The gravitational force between the Earth and the Sun is in the radial direction and its magnitude is given by the Newton’s equation
F = G*M*m/r^2
where G is the gravitational constant, M and m are the masses of the Sun and the Earth respectively and r is the radius of the orbit.
In case of the circular motion the net force equals mass times acceleration (Newton’s Second Law of Motion), where acceleration could be calculated by ω^2*r or (2π/T)^2*r , where ω – the angular velocity and T – the period of one rotation.
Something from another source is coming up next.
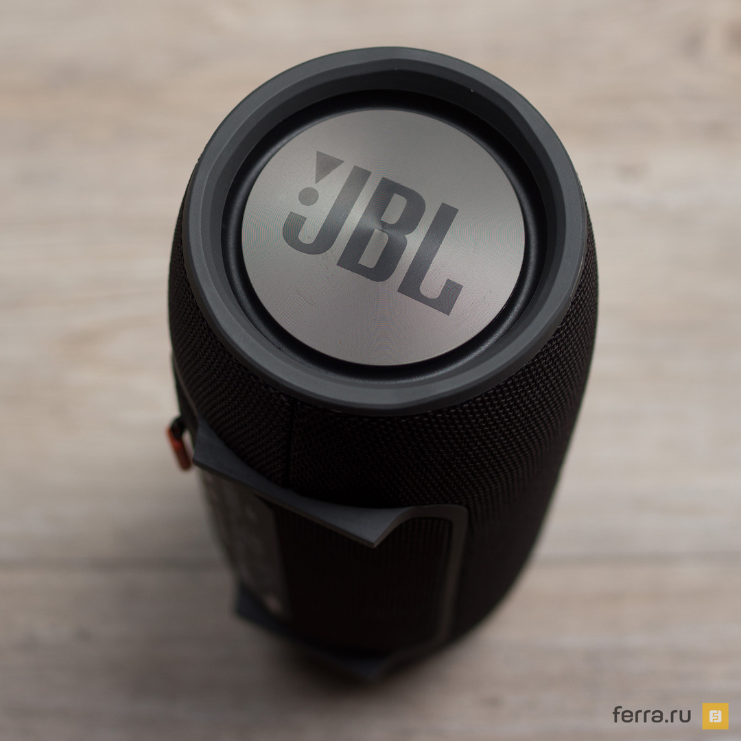 От встроенного аккумулятора на 10 000 мАч JBL Xtreme честно играет заявленные 15 часов. На небольшой громкости получилось даже чуть больше, почти 16 часов. А время полной зарядки при использовании комплектного адаптера составляет ровно 3,5 часа. Зарядить колонку (пусть и частично) от компьютера или пауэрбанка нельзя. По крайней мере вход microUSB отсутствует.

F = m*a = m*ω^2*r = m*(2π/T)^2*r
from the last formula and the Newton’s Gravitational Equation we could get
G*M*m/r^2 = m*(2π/T)^2*r
G*M = (2π/T)^2 * r^3
Represent the mass of the Sun as a function of R and ρ, where R – the radius of the Sun and ρ – the density of the Sun.
M = ρ * (4/3*π) * R^3
G * ρ * (4/3*π) * R^3 = (2π/T)^2 * r^3
T^2 = (3π/(Gρ))* (r/R)^3
From the last equation, it is clear that the length of Earth’s year (period of one rotation) depends from the density of the Sun and from the ratio of the radius of the orbit to the radius of the Sun. According to the problem, all the linear dimensions of the solar system were reduced then the length of Earth’s year remains the same. Of course, if the density of the Sun will remain the same.